Dataset records:
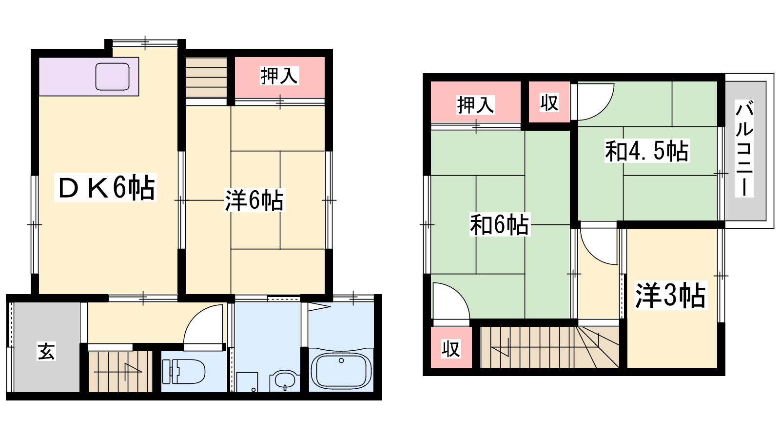 - DK6帖、和室6帖、和室6帖、和室4.5帖、洋室3帖
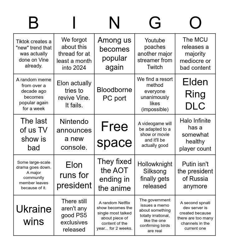 This bingo card has a free space and 24 words: Elon runs for president, There still aren't any good PS5 exclusives released, Bloodborne PC port, Ukraine wins, The MCU releases a majority mediocre or bad content, Tiktok creates a "new" trend that was actually done on Vine already., A random meme from over a decade ago becomes popular again for a week, We forgot about this thread for at least a month into 2024, A videogame will be adapted to a show or movie and it'll be actually good, They fixed the AOT ending in the anime, We find a resort method everyone unanimously likes (impossible), The last of us TV show is bad, Hollowknight Silksong finally gets released, Putin isn't the president of Russia anymore, Elon actually tries to revive Vine. It fails., The government issues a memo about something totally irrational, like the one confirming birds are real, Halo Infinite has a somewhat healthy player count, Among us becomes popular again, Elden Ring DLC, Nintendo announces a new console., A second spnati dev server is created because there are too many channels in the current one, Some large-scale drama goes down. A major community member leaves because of it., Youtube poaches another major streamer from Twitch and A random Netflix show becomes the single most talked about piece of content of the year... for 2 weeks..
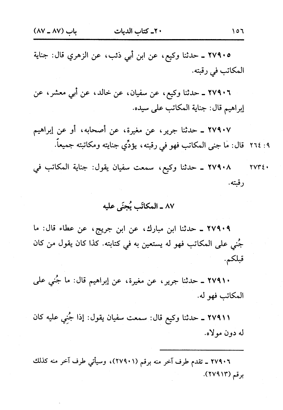 27908- حَدَّثَنَا وَكِيعٌ ، سَمِعْت سُفْيَانَ يَقُولُ : جِنَايَةُ الْمُكَاتَبِ فِي رَقَبَتِهِ.
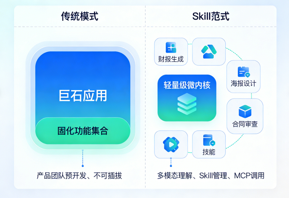 产品内核重构:从“巨石应用”到“微内核+技能生态”
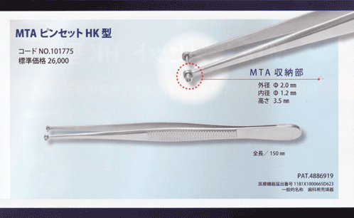 歯根端切除後の逆根管充填器『MTAピンセットHK型』のご案内させて頂きます。
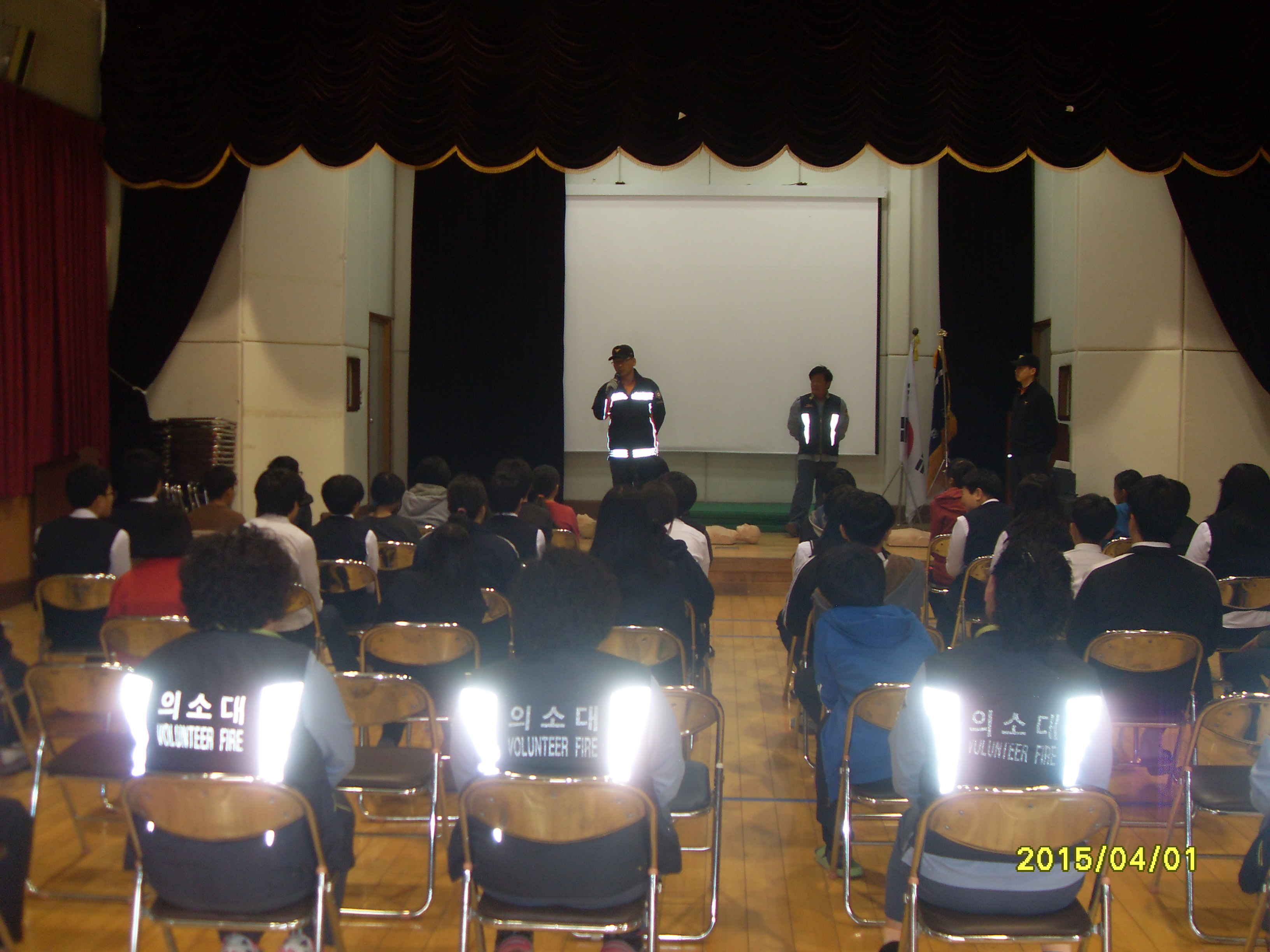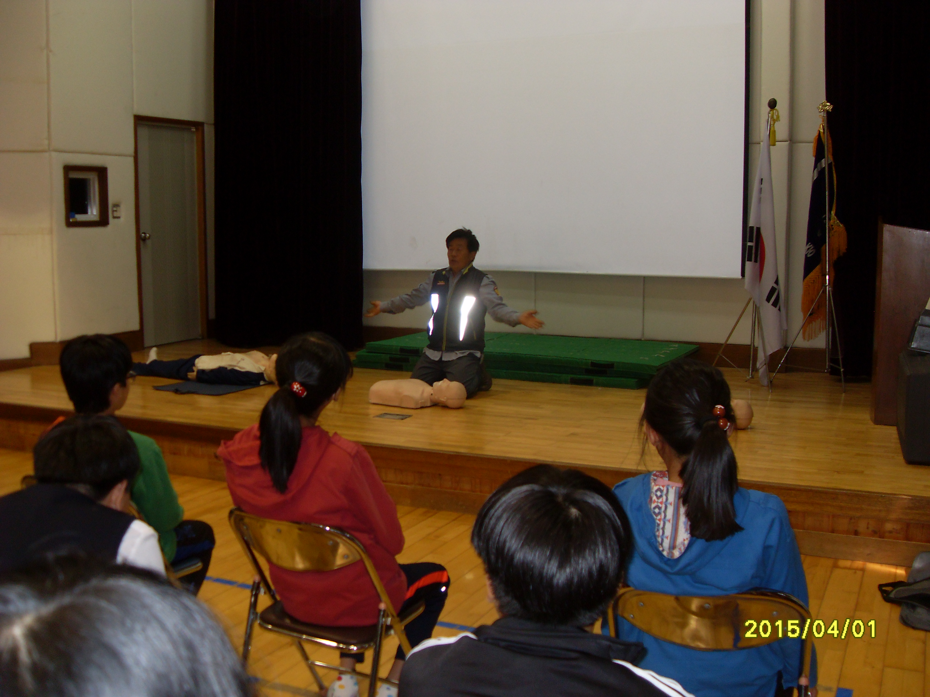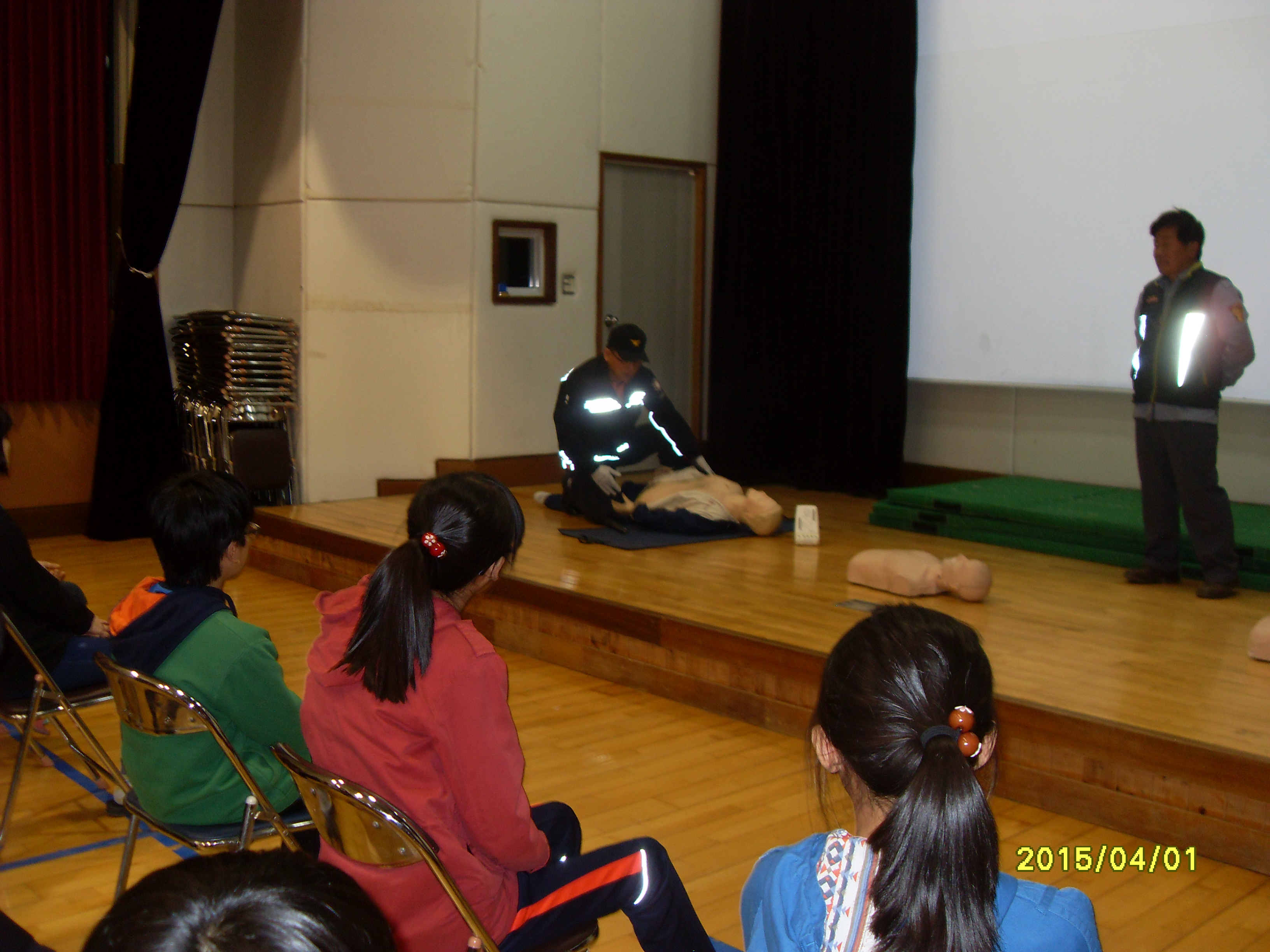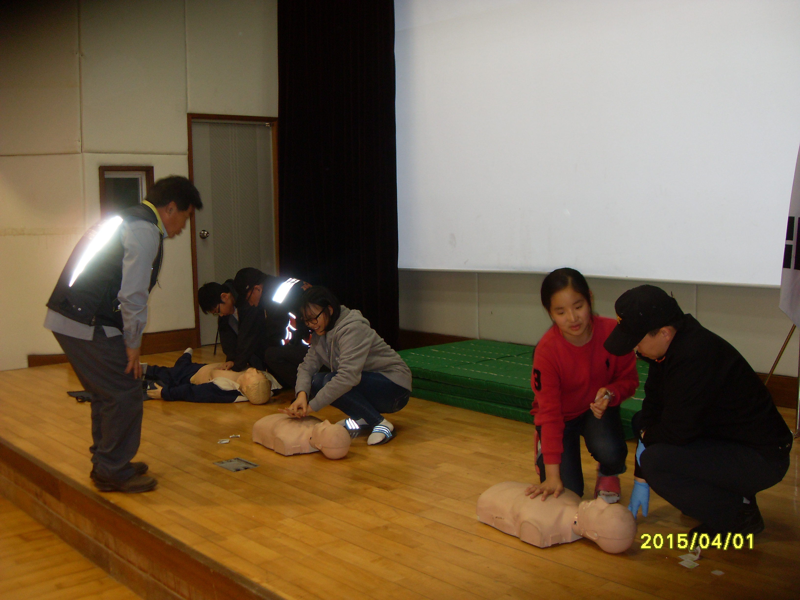 이번교육은 호저중학교 체육관에서 학생들과 심폐소생술 실습을 진행 하였습니다.
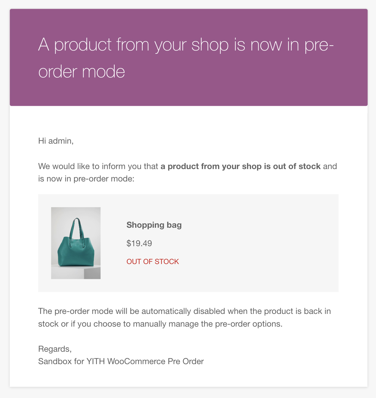 Automatically send emails to the customers to confirm the pre-order and to keep them updated about the availability date and the pre-order status. The plugin also provides several notifications for the admin to help him/her easily manage pre-orders and products.
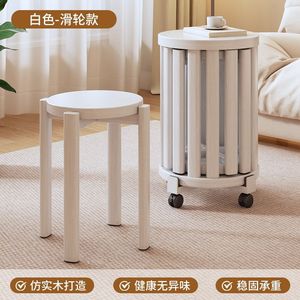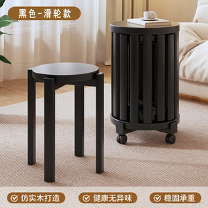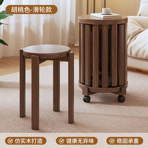 实木可叠放组合茶几客厅家用叠叠乐凳子圆凳餐桌带滑轮椅子小凳子
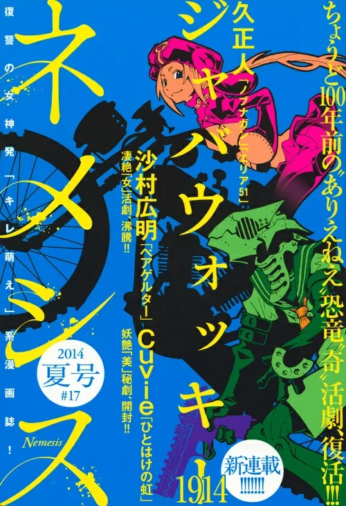 На обложке изображена манга «Jabberwocky 1914», нарисованная Хисой Масато, автором манги «Nobunagun» и «Area 51», а в качестве бонуса прилагается постер! Также включена последняя глава неовестерна Огоши Котаро «Zora»! По-настоящему ужасающая серия ужасов «Aftermath Radio», сборники которой были переизданы в большом количестве, включает четыре коротких рассказа и цветную репродукцию оригинальных иллюстраций в качестве подарка. Серия «Beargarter», боевик о хулиганах от Самуры Хироаки, автора «Blade of the Immortal», и «Nekomachi Shuju», жестокая романтическая комедия от Тамаки Бенкё, также продолжают выходить с большим успехом. «Куви», «Шионо Эцуродзи», «Сугимура Синичи», «Индукция взрыва», «Академия гигантского зла» и другие впечатляющие серии помогут вам пережить летнюю жару!!
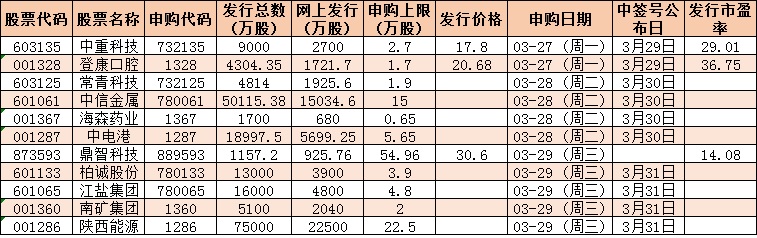 根據(jù)發(fā)行安排,下周(3月27日-3月31日)共有11只新股發(fā)行,其中滬市5只、深市5只、北交所1只。
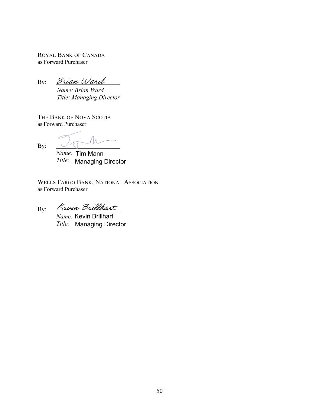 ROYAL BANK OF CANADA as Forward Purchaser By: THE BANK OF NOVA SCOTIA as Forward Purchaser By: Name: Title: WELLS FARGO BANK, NATIONAL ASSOCIATION as Forward Purchaser By: Name: Title: 50 Name: Brian Ward Title: Managing Director Tim Mann Managing Director Kevin Brillhart Managing Director

Problem requirements
Each record above has to be written out again in full, but its pictures must not be.

Reply
 - DK6帖、和室6帖、和室6帖、和室4.5帖、洋室3帖
 This bingo card has a free space and 24 words: Elon runs for president, There still aren't any good PS5 exclusives released, Bloodborne PC port, Ukraine wins, The MCU releases a majority mediocre or bad content, Tiktok creates a "new" trend that was actually done on Vine already., A random meme from over a decade ago becomes popular again for a week, We forgot about this thread for at least a month into 2024, A videogame will be adapted to a show or movie and it'll be actually good, They fixed the AOT ending in the anime, We find a resort method everyone unanimously likes (impossible), The last of us TV show is bad, Hollowknight Silksong finally gets released, Putin isn't the president of Russia anymore, Elon actually tries to revive Vine. It fails., The government issues a memo about something totally irrational, like the one confirming birds are real, Halo Infinite has a somewhat healthy player count, Among us becomes popular again, Elden Ring DLC, Nintendo announces a new console., A second spnati dev server is created because there are too many channels in the current one, Some large-scale drama goes down. A major community member leaves because of it., Youtube poaches another major streamer from Twitch and A random Netflix show becomes the single most talked about piece of content of the year... for 2 weeks..
 27908- حَدَّثَنَا وَكِيعٌ ، سَمِعْت سُفْيَانَ يَقُولُ : جِنَايَةُ الْمُكَاتَبِ فِي رَقَبَتِهِ.
 产品内核重构:从“巨石应用”到“微内核+技能生态”
 歯根端切除後の逆根管充填器『MTAピンセットHK型』のご案内させて頂きます。
 이번교육은 호저중학교 체육관에서 학생들과 심폐소생술 실습을 진행 하였습니다.
 Automatically send emails to the customers to confirm the pre-order and to keep them updated about the availability date and the pre-order status. The plugin also provides several notifications for the admin to help him/her easily manage pre-orders and products.
 实木可叠放组合茶几客厅家用叠叠乐凳子圆凳餐桌带滑轮椅子小凳子
 На обложке изображена манга «Jabberwocky 1914», нарисованная Хисой Масато, автором манги «Nobunagun» и «Area 51», а в качестве бонуса прилагается постер! Также включена последняя глава неовестерна Огоши Котаро «Zora»! По-настоящему ужасающая серия ужасов «Aftermath Radio», сборники которой были переизданы в большом количестве, включает четыре коротких рассказа и цветную репродукцию оригинальных иллюстраций в качестве подарка. Серия «Beargarter», боевик о хулиганах от Самуры Хироаки, автора «Blade of the Immortal», и «Nekomachi Shuju», жестокая романтическая комедия от Тамаки Бенкё, также продолжают выходить с большим успехом. «Куви», «Шионо Эцуродзи», «Сугимура Синичи», «Индукция взрыва», «Академия гигантского зла» и другие впечатляющие серии помогут вам пережить летнюю жару!!
 根據(jù)發(fā)行安排,下周(3月27日-3月31日)共有11只新股發(fā)行,其中滬市5只、深市5只、北交所1只。
 ROYAL BANK OF CANADA as Forward Purchaser By: THE BANK OF NOVA SCOTIA as Forward Purchaser By: Name: Title: WELLS FARGO BANK, NATIONAL ASSOCIATION as Forward Purchaser By: Name: Title: 50 Name: Brian Ward Title: Managing Director Tim Mann Managing Director Kevin Brillhart Managing Director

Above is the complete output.